- **WHAT THE TASK ASKS**:
Where the line containing "Illustrated poster (30x40" appears in the entries below, begin there and output every line through the last, exactly, minus the pictures.

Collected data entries
.....

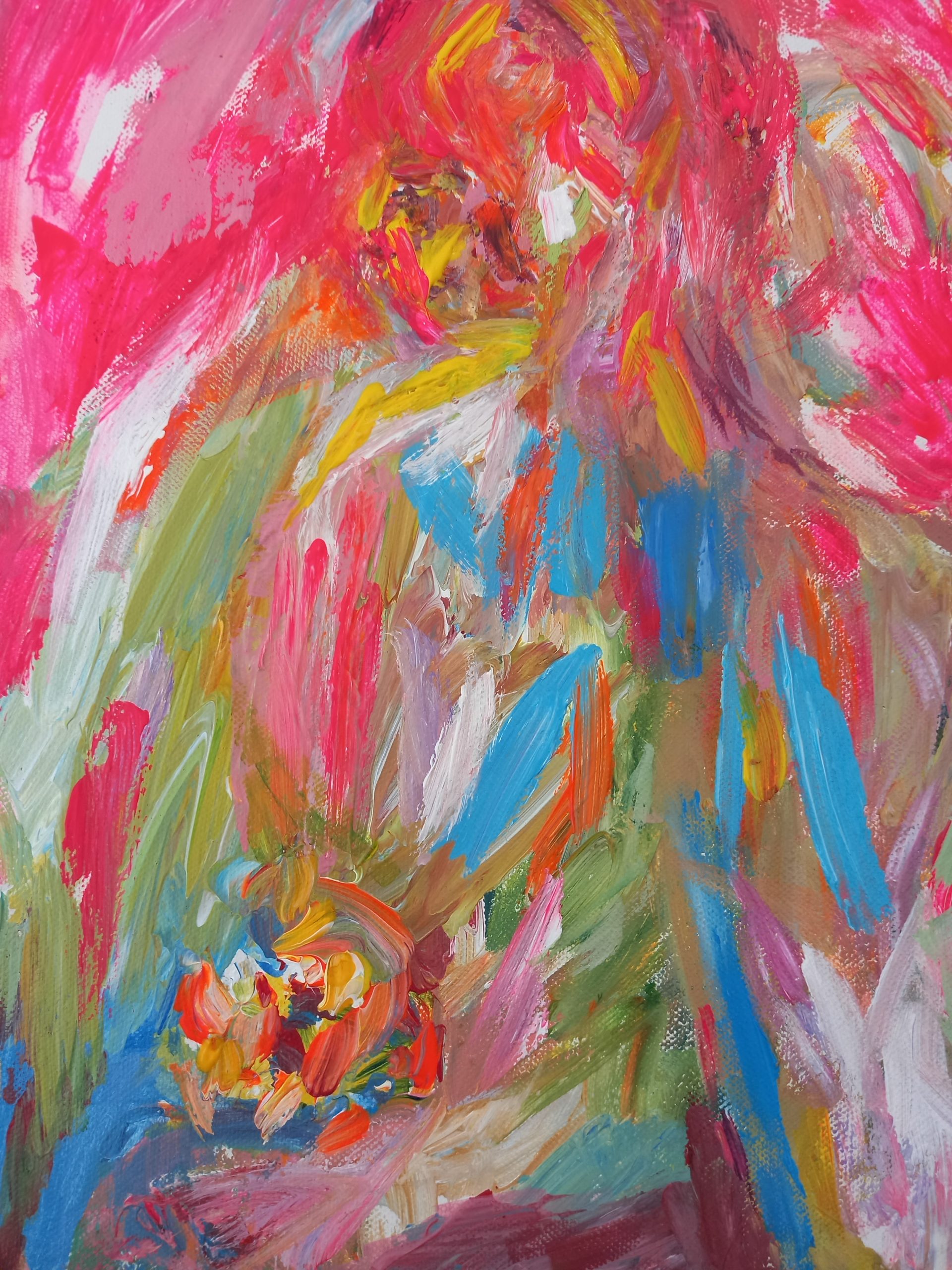 Loose colourful brushstrokes containing a subtle suggestion of a figure with flowers. A very expressive, atmospheric, light, breezy uplifting painting.
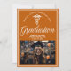 This orange custom medical school graduation party invitation for a nurse or doctor features classy white typography under a medical caduceus and your college name for the class of 2025. Customise with your graduating year under the elegant calligraphy for a great personalised university graduate card.
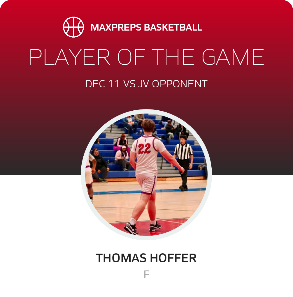 Congratulations to #22 Thomas Hoffer for being selected the Alexandria City JV Basketball Player of the Game.
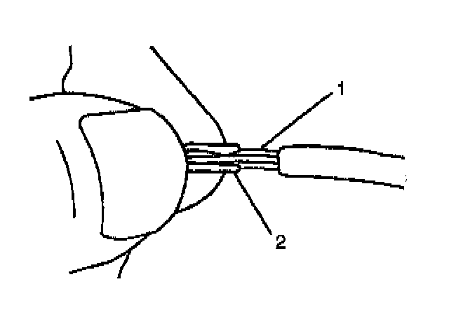 7. Center the splice clip (2) over the stripped wires (1) and hold the clip in place.
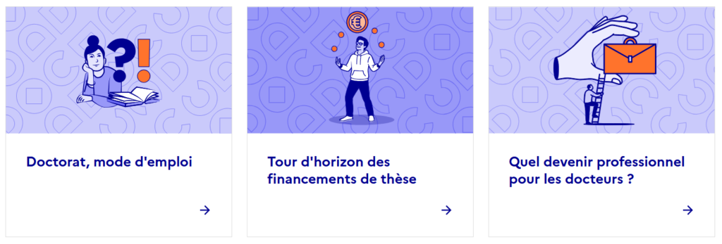 Avec des rubriques indiquant l’avant, le pendant et l’après du doctorat, il est notamment possible de trouver :
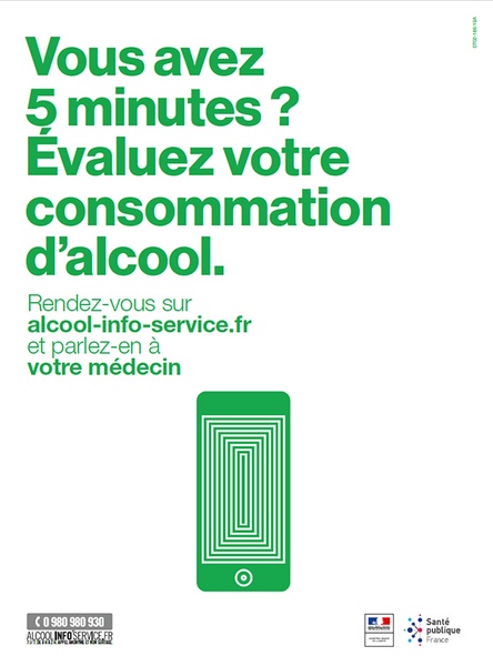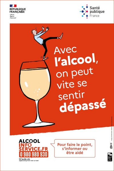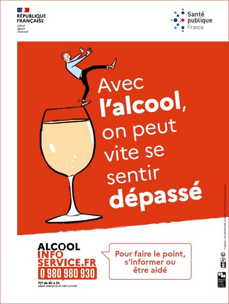 Illustrated poster (30x40 cm) promoting the "Alcool info service" remote health support program. Tagline: "Alcohol can quickly make you feel overwhelmed."
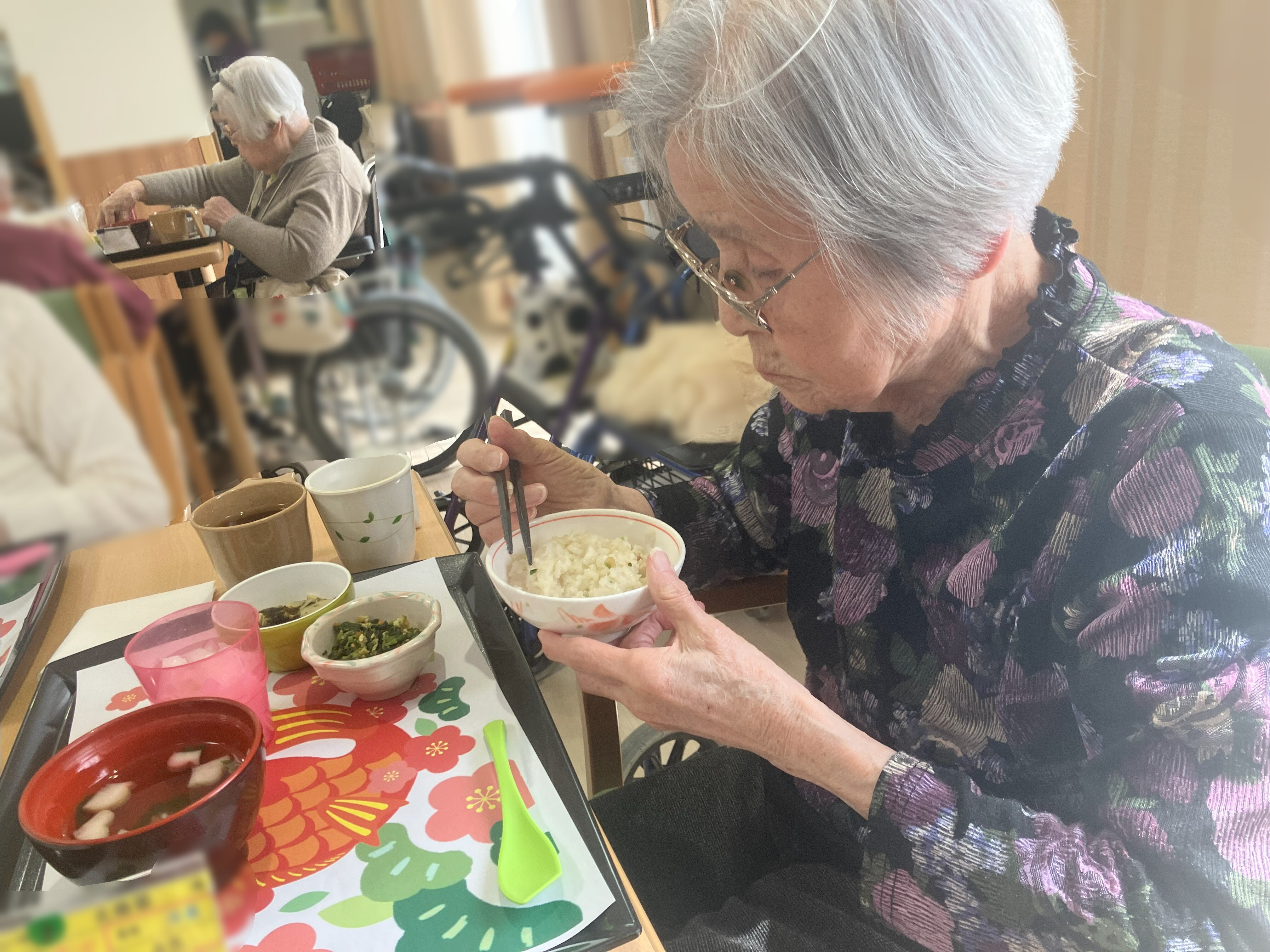 皆さま、こんにちは。今日のお昼は【お刺身 第二弾‼鯛のお造り&鯛めし】でした。ご入居の皆様からも「連日、ご馳走ばかりで、とても嬉しいです」「刺身は、美味しい」「これからも、宜しくね」といったうれしいお声を頂いております。これからも、皆様に喜んでいただけるように頑張りたいと思いますので、引き続き、ご期待ください。
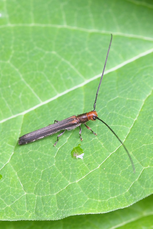 | 標高の高い所に生息する全身黒いハナカミキリ。この場所は1500mぐらいです。4年前に撮ったのがオスでしたから今回はメスを載せます。この日はオスも撮れました。後ろ脚の2番目の節(脛節)が湾曲している(上のハナカミキリ類と比べても)のが特徴です。ちなみに4年前に載せた時(2021/08/14号)もフタスジハナ、マルガタハナカミキリと一緒に掲載していました。 | ||
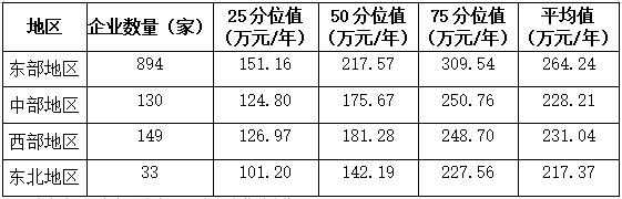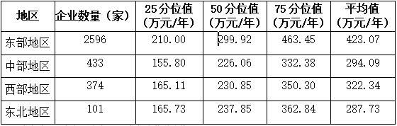 表4 中小型企业高管前三名薪酬总额分地区对比

.....

- **EXPECTED OUTPUT**:
 Illustrated poster (30x40 cm) promoting the "Alcool info service" remote health support program. Tagline: "Alcohol can quickly make you feel overwhelmed."
 皆さま、こんにちは。今日のお昼は【お刺身 第二弾‼鯛のお造り&鯛めし】でした。ご入居の皆様からも「連日、ご馳走ばかりで、とても嬉しいです」「刺身は、美味しい」「これからも、宜しくね」といったうれしいお声を頂いております。これからも、皆様に喜んでいただけるように頑張りたいと思いますので、引き続き、ご期待ください。
 | 標高の高い所に生息する全身黒いハナカミキリ。この場所は1500mぐらいです。4年前に撮ったのがオスでしたから今回はメスを載せます。この日はオスも撮れました。後ろ脚の2番目の節(脛節)が湾曲している(上のハナカミキリ類と比べても)のが特徴です。ちなみに4年前に載せた時(2021/08/14号)もフタスジハナ、マルガタハナカミキリと一緒に掲載していました。 | ||
 表4 中小型企业高管前三名薪酬总额分地区对比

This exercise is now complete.